FOXS1 promotes prostate cancer progression through the Hedgehog/Gli1 pathway.

机构信息

Department of Urology, Shengjing Hospital of China Medical University, Shenyang 110001, Liaoning, China.

Department of Pathology, Shengjing Hospital of China Medical University, Shenyang 110001, Liaoning, China.

出版信息

Biochem Pharmacol. 2023 Dec;218:115893. doi: 10.1016/j.bcp.2023.115893. Epub 2023 Oct 27.

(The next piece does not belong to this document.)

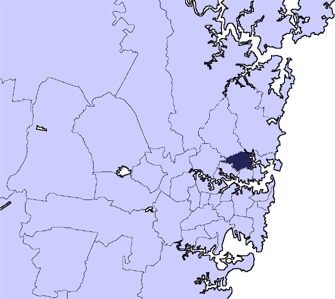 Locator Map Willoughby lga sydney.png Based on Image:Ku-ring-gai sydney.png by User:Randwicked.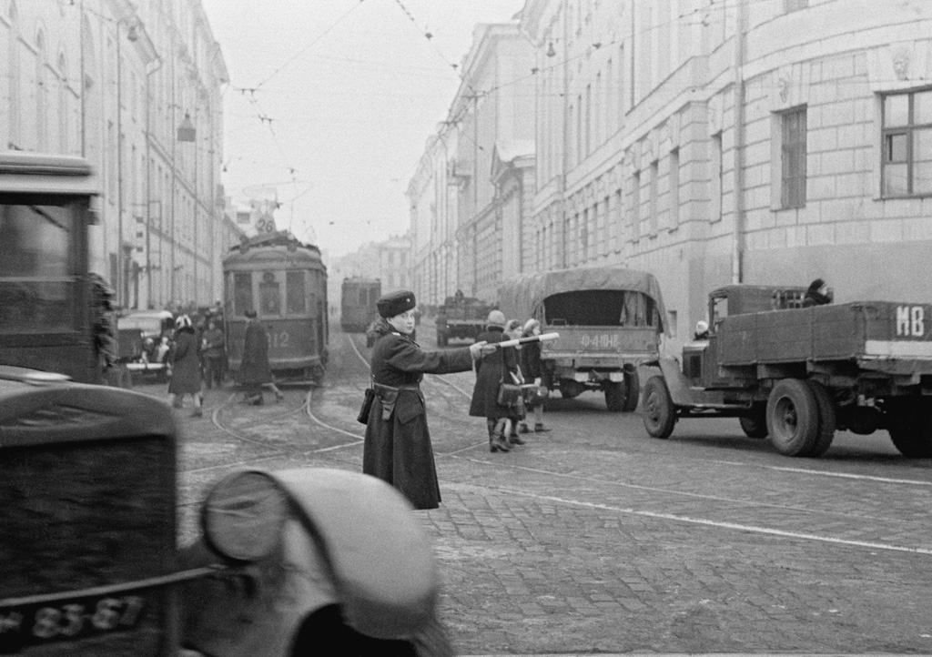 “A traffic guard on a Moscow street”. A policewoman on a Moscow street.

DOI:10.1016/j.bcp.2023.115893
PMID:37890593
Abstract

BACKGROUND

Prostate cancer (PCa) remains the most common malignant tumor in men, and the clinical treatment still faces many challenges. Several molecular biomarkers of PCa progression have been reported, however, whether FOXS1 can serve as a new biomarker in PCa remains unknown.

METHODS

FOXS1 and Gli1 expression was assessed by RT-qPCR and western blot. The binding and regulation roles between FOXS1 and Gli1 were confirmed by Co-IP and ubiquitination assays. Cell viability, proliferation, apoptosis, migration, invasion and EMT progress were assessed through CCK-8, colony formation, flow cytometry, wound-healing, transwell and western blot assays, respectively. In vivo nude mice tumorigenesis model was also conducted to verify PCa growth.

RESULTS

FOXS1 was upregulated in the PCa TCGA dataset and cells. High FOXS1 level was correlated with PCa patients' worse tumor stage and shorter survival. FOXS1 knockdown inhibited PCa cell proliferation, invasion, migration, EMT and tumor growth while increased cell apoptosis. Furthermore, FOXS1 knockdown decreased the inactivation of Hedgehog (Hh) pathway. FOXS1 bind to Gli1 and decreased the ubiquitination of Gli1, which resulted in the upregulation of Gli1. Besides, both Gil1 overexpression and Hh signal activation reversed the suppression function of FOXS1 silencing on PCa growth and metastasis.

CONCLUSION

FOXS1 bind and stabilized Gli1 by blocking Gli1 ubiquitination, thereby activating Hh signaling to promote PCa cell growth and metastasis.

摘要

背景

前列腺癌(PCa)仍然是男性最常见的恶性肿瘤,临床治疗仍然面临许多挑战。已经报道了几种 PCa 进展的分子生物标志物,然而,FOXS1 是否可以作为 PCa 的新生物标志物尚不清楚。

方法

通过 RT-qPCR 和 Western blot 评估 FOXS1 和 Gli1 的表达。通过 Co-IP 和泛素化测定证实 FOXS1 和 Gli1 之间的结合和调节作用。通过 CCK-8、集落形成、流式细胞术、划痕愈合、Transwell 和 Western blot 测定分别评估细胞活力、增殖、凋亡、迁移、侵袭和 EMT 进展。还进行了体内裸鼠肿瘤发生模型以验证 PCa 生长。

结果

FOXS1 在 PCa TCGA 数据集和细胞中上调。高水平的 FOXS1 与 PCa 患者更差的肿瘤分期和更短的生存时间相关。FOXS1 敲低抑制了 PCa 细胞的增殖、侵袭、迁移、EMT 和肿瘤生长,同时增加了细胞凋亡。此外,FOXS1 敲低降低了 Hedgehog (Hh) 通路的失活。FOXS1 与 Gli1 结合并减少 Gli1 的泛素化,从而导致 Gli1 的上调。此外,Gli1 过表达和 Hh 信号激活均逆转了 FOXS1 沉默对 PCa 生长和转移的抑制作用。

结论

FOXS1 通过阻断 Gli1 泛素化来结合和稳定 Gli1,从而激活 Hh 信号通路促进 PCa 细胞的生长和转移。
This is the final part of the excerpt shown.